PLOT: Two backpacking Canadians (Julia Garner & Jessica Henwick) find themselves low on cash and work as bartenders in a small pup in a remote mining town in Australia.
REVIEW: Kitty Green’s The Royal Hotel is exceptional for about ninety percent of its running time. Beautifully shot at an abandoned bar in Yatina, South Australia, a town that consists of only twenty-nine people, the movie is a thoroughly compelling look at the culture of booze, brawling, and misogyny in remote Australia and what happens when two regular, North American girls are dropped right in the middle of it. But, the finale gets a little too close to straight-ahead thriller territory, ending what had up to then been a compelling drama about menace and the constant threat of violence on a somewhat false note. It starts like Wake in Fright but ends like Straw Dogs, and the switch-up doesn’t work.
That said, it’s still a thoroughly compelling watch based on a documentary called Hotel Coolgardie. As in the documentary, the film follows two regular young women who wind up way out of their element when they accept a work-stay assignment due to running low on the funds they need to finance their trip. A bar populated by roughnecks in remote Australia already doesn’t sound like the best place for two North American girls. Still, the movie presents them as open-minded enough that you buy them not running back to the city after the first night.
Of the two, Julia Garner’s Hanna is the more responsible one, somewhat resenting that they’re stuck working in this dingy pub, while Jessica Henwick’s Liv is more go-with-the-flow. Their boss, a bedraggled Hugo Weaving as the permanently soused Billy, greets them by referring to them by the c-word, but they let it go because, as Liv says, “it doesn’t mean what you think it means here, it’s a cultural thing.” While they’re immediately bombarded with harassment, the silver lining is that the pub is quiet most nights, and two of the regular attendees don’t seem too bad. Toby Wallace’s Matty is a womanizer but charming in his way, while the hulking Teeth (James Frecheville) is protective. And, even if the patrons are rowdy, they at least keep their hands to themselves and just seem interested in having a drunken good time.

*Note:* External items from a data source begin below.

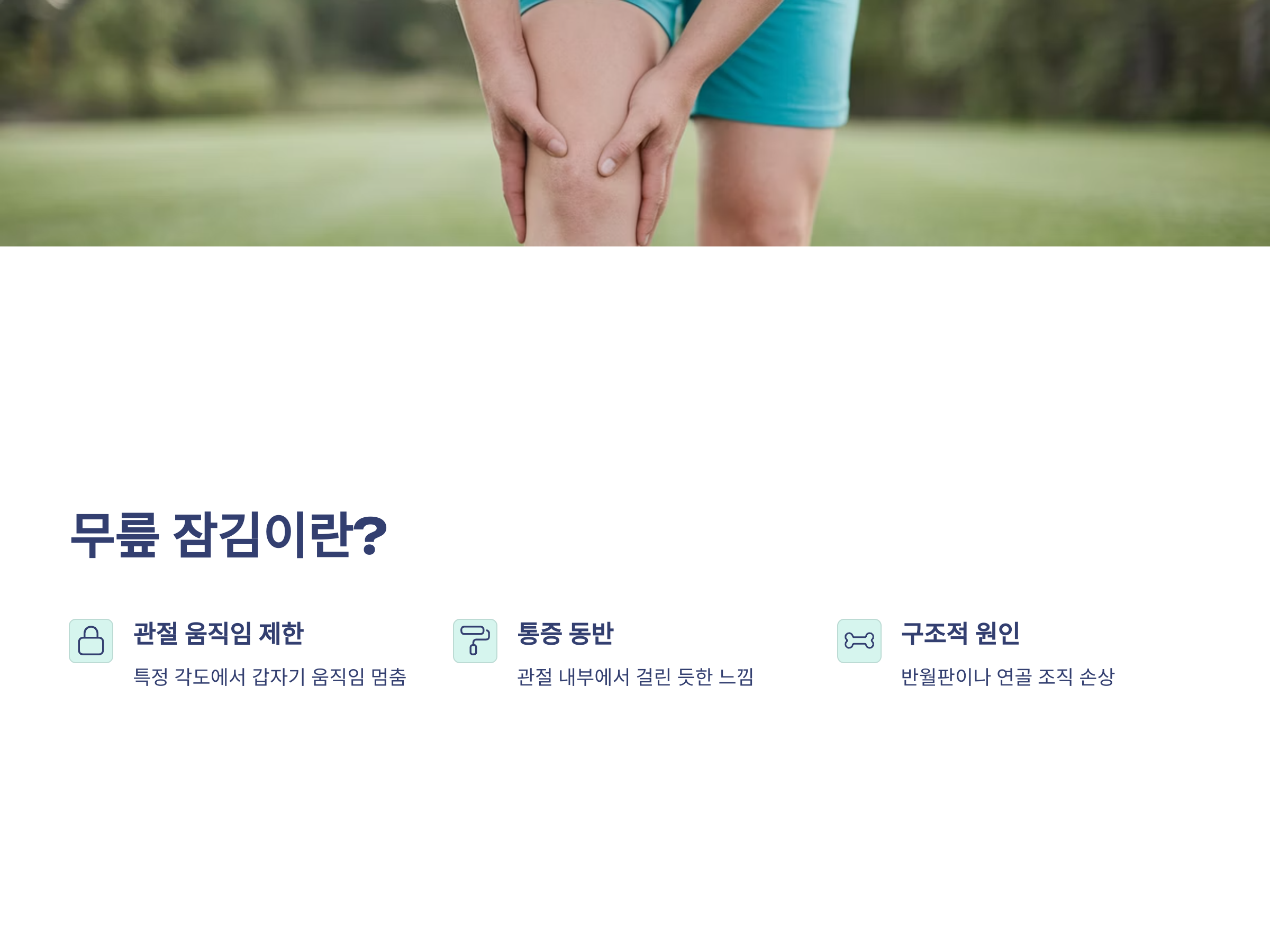 무릎 잠김이란, 관절을 펴거나 굽힐 때 특정 각도에서 갑자기 움직임이 멈추고 통증이 동반되는 현상을 말합니다. 마치 무언가 관절 내부에서 걸린 듯한 느낌이 들며, 의도적으로 펴거나 굽히기 어려워지는 것이 특징입니다. 일반적으로 이는 관절 내 구조물—특히 반월판이나 연골 조직이—찢어지거나 어긋나면서 발생합니다.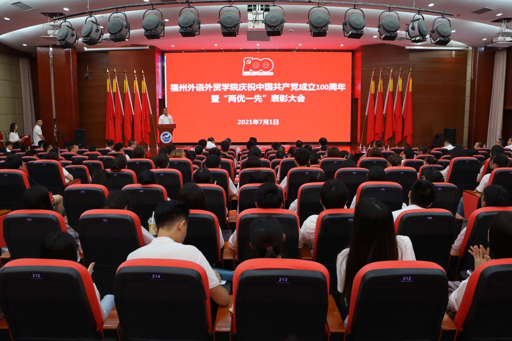 7月1日,我校庆祝中国共产党成立100周年暨“两优一先”表彰大会召开,隆重表彰我校优秀共产党员、优秀党务工作者和先进基层党组织。校领导陈炳钦、季祖强、黄跃舟等,党委有关部门负责同志,各分党委、直属支部书记,师生党员代表等300余人参加会议。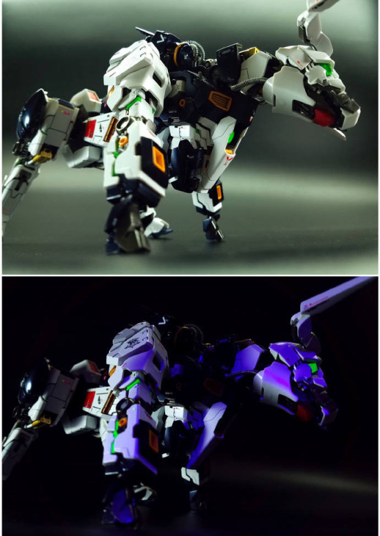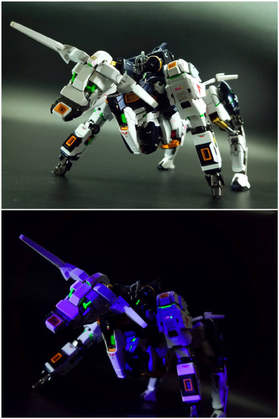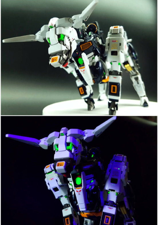 为了丰富这款模型的玩法,模友还为这款模型增加了荧光涂装,在紫光的照射下,看起来还是很漂亮的。

Of course, things go downhill fast with one of the pub’s attendees, Daniel Henshaw’s Dolly, a bullying sociopath. While The Royal Hotel isn’t a violent movie, the threat hangs over virtually every scene in the pub. Both Garner and Henwick’s characters feel totally out of their element. If I have a single complaint about the first part of the movie, I didn’t totally buy that Hanna would be talked into working at a bar, given that she’s presented as the abused child of an alcoholic mother.
The performances are terrific, with this marking Julia Garner’s second film with director Kitty Green, following The Assistant. The Royal Hotel feels more commercial and could connect with audiences, even if the movie’s final scene rings a little false, given how the two heroines have acted for most of the running time. Garner is terrific here, with Hanna easy to relate to, and Henwick is just as good as the more easygoing Liv, who just wants to have an adventure but gets a lot more than she bargained for.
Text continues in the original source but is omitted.